A Warning

No prompt Written 19 February 2021

There are many tales of the Folk, many of them contradictory. Some say they are honorable, but follow a code separate to the laws of humanity. Others say they are impulsive and cruel. They are impossibly beautiful, or they are unnaturally angular, with too many joints. There are stories of them falling in love, and stories of them enchanting, using, and betraying besotted humans.

There are those who claim this split is between the Seelie and Unseelie, or the Summer and Winter courts. Then there are those who claim they are all cruel in their own ways. The truth is far more complex.

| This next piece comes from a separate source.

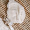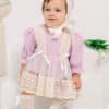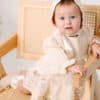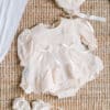 Salopetă bebe botez, 3 piese – IVY : salopetă tip rochiță, bonetă, botoșei

The Folk are born of stories. Stories we tell each other in the dark, stories of loss and love and trickery. The Folk embody those stories which we tell about them, and as these tales evolve, so do they. When their tales become entangled, as they have now, the Folk follow suit.

It would be easy to say that the Folk are what you believe of them. If you expect kindness, you will receive it. This is not true. You cannot simply tell the Fae in front of you “You are kind” and expect them to be so. Your belief does not hold more weight due to your proximity. For they are born and made of stories, but they, like you, have a will of their own.

You can no longer trust the Rules your ancestors have laid to protect you. It was said that the Folk cannot lie, but how many stories have been written in defiance of that? How do they gain power over you? Is it your name? Do they spin glamours of beauty to entice, hiding the corruption beneath? Can they change you with a touch, or deceive your senses with their words? Do they envy humanity’s creation of art, or are we doomed to create pale imitations of their beauty? It is impossible to say.

Will iron burn, will time run strange. Is their world separate from ours or hidden within it. No storytellers can agree, and this affords them a freedom they did not have at their birth. Your safety within the presence of a Fae is entirely up to them, as it has never been before. Lie about your name, carry iron around your neck and salt in your pockets. There is no way to know if it will matter.

This puts you, dear reader, in a precarious position. If the Rules hold no meaning, how are you to protect yourself?

There is no trick. No secret to keep you safe. Spinning your own tales of the Folk will only add to the mountain of conflicting stories. To tell one anew is to do nothing but invite their interest. And one thing that remained consistent through the centuries: you do not want to invite their interest.

I cannot help you, reader. I cannot protect you. The information I give serves as little more than a warning. You can do nothing besides be careful.